Said Doyle: “No matter what situation I’m in, I can always get myself out of it.”

In May, Doyle recorded a double-eagle against Guilford at Madison Country Club on the par-5 fifth hole. He holed out from 177 yards out with a 6 iron. He had an AP macro exam earlier that day and rushed from the school to the course, took two warmup putts and played.

“I probably scored the same on the exam as I did on the hole,” Doyle said with a laugh.

Inspiring the next generation

Doyle’s parents recently showed him a Facebook group for parents of children with Legg-Calve-Perthes disease. Doyle didn’t understand how he could be a role model, but in this group, he has supporters — parents and children who are rooting for him — and see him as an inspiration to those with the disease.

Casey Martin, a former PGA Tour professional with a birth defect in his right leg called Klippel–Trénaunay syndrome, successfully sued the PGA Tour in 2001 for the right to use a cart in tournaments. He was Doyle’s first golf role model. Now the senior from Madison has the same impact on others.

“It’s truly inspirational that they can see that there’s something they can do, and he’s embraced it,” Mike Doyle said. “I think, at first, he didn’t understand how big of a deal that was. Now he loves being that inspiration for other people. ... It makes a parent very proud.”

Playing professionally is Doyle’s long-term goal. He wants to be the first Elon alum to reach the PGA Tour and to put on for his hometown of Madison. His most important goal, though, is to inspire children like him: the children who feel pain when they walk, the ones who think that because of their condition, sports are not an option.

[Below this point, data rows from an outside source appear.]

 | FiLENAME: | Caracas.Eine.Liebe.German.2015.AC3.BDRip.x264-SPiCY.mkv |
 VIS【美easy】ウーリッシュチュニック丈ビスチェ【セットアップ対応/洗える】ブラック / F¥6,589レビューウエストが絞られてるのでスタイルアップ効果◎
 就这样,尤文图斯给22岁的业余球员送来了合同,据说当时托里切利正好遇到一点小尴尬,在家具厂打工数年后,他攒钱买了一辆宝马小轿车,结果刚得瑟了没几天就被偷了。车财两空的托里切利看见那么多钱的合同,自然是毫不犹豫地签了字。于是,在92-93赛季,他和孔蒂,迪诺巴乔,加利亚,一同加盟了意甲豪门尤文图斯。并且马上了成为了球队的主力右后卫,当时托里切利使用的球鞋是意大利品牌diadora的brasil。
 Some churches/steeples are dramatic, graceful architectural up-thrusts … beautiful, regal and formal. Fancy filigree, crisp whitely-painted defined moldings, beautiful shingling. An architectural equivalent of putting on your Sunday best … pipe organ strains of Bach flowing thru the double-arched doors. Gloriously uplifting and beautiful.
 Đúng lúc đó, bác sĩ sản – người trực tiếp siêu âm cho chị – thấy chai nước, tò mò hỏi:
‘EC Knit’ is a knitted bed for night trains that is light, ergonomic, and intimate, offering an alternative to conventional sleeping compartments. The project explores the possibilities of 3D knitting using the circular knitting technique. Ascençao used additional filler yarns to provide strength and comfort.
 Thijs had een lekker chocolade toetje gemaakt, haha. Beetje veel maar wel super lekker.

“So many of those kids saw my story, so they started playing golf because of it,” Doyle said. “We get messages all the time about parents who are so proud of me — they don’t even know me, but they’re so proud of me because I got their kid into golf. I could have just quit all sports right there when I was 12. Instead, I chose to play golf, and now I’m fighting through it just to show people that there are always options for them, no matter what disability they have.”